We use many techniques to extract synonyms, that we've blogged about before. Our systems analyze petabytes of web documents and historical search data to build an intricate understanding of what words can mean in different contexts. In the above example "photos" was an obvious synonym for "pictures," but it's not always a good synonym. For example, it's important for us to recognize that in a search like [history of motion pictures], "motion pictures" means something special (movies), and "motion photos" doesn't make any sense. Another example is the term "GM." Most people know the most prominent meaning: "General Motors." For the search [gm cars], you can see that Google bolds the phrase "General Motors" in the search results. This is an indication that for that search we thought "General Motors" meant the same thing as "GM." Are there any other meanings? Many people can think of the second meaning, "genetically modified," which is bolded when GM is used in queries about crops and food, like in the search results for [gm wheat]. It turns out that there are more than 20 other possible meanings of the term "GM" that our synonyms system knows something about. GM can mean George Mason in [gm university], gamemaster in [gm screen star wars], Gangadhar Meher in [gm college], general manager in [nba gm] and even gunners mate in [navy gm].

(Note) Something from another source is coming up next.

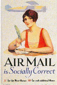 In 1925, six years after the end of World War I. the US government was in the airmail business and trying to sell the service. Commercial airplanes looked like the one behind the lady's head in the ad. They were exclusively mail planes, made of wood covered with fabric, bi-winged with the pilot sitting in an open cockpit toward the rear of his plane so he could watch the ailerons and tail flaps which controlled his flight. An inventor named William B. Stout was convinced that the plane could be made with metal rods inside and covered with a metal skin. He believed the mail plane could be enlarged so that passengers could sit inside protected from the weather. He eliminated the lower wing, enlarged the upper, and put the pilot at the front of the plane. Henry Ford liked the result so well he bought Stout's company and went into the aviation business in 1925.

Here are screenshots of those disambiguations of GM in action:


As a nomenclatural note, even obvious term variants like "pictures" (plural) and "picture" (singular) would be treated as different search terms by a dumb computer, so we also include these types of relationships within our umbrella of synonyms. Pictures/picture are typically called stemming variants, which refers to the fact that they share the same word stem, or root. The same systems that need to understand that "pictures" and "photos" mean the same thing also need to understand that "pictures" and "picture" mean the same thing. This is something that is even more obvious to a human but is also still a difficult task for a computer. An example of how this is difficult are the words "animal" and "animation," which share the same stem and etymology, but don't mean the same thing in standard use. Another tricky case that is very dependent on the other words in the query is "arm" vs. "arms." Arms might seem like the plural of arm, but consider how it might be used in a search: [arm reduction] vs. [arms reduction]. Google search is smart enough to know that the former is about removing fat from one's arm, and the latter is about reducing stockpiles of weaponry, and that arm/arms are dangerous synonyms in that case because they would change the meaning. These subtle differences between words that seem related is what makes synonymy very hard to get right.

Here are some other examples of synonyms we thought were interesting:

[song words], "lyrics" is bolded for "words".
[what state has the highest murder rate], "homicide" is bolded for "murder".
[himalayan kitten breeder], Google knows that "cat breeder" is the same as "kitten breeder".
[dura ace track bb axle njs], Google knows that "bb" here means "bottom bracket".
[software update on bb color id], "blackberry is bolded for "bb".
[bb cream dark], Google knows here that bb means "blemish balm".
[southeastern usa bb fitness & figure], "bodybuilding" is bolded for "bb."

Lastly, language is used with as much variety and subtlety as is present in human culture, and our algorithms still make mistakes. We flinch when we find such mistakes; we're always working to fix them. One of the best ways for us to discover these problems is to get feedback from real users, which we then use to inspire improvements to our computer programs. If you have specific complaints about our synonyms system, you can post a question at the web search help center forum or you can tweet them with the hash tag #googlesyns. You can also turn off a synonym for a specific term by adding a "+" before it or by putting the words in quotation marks.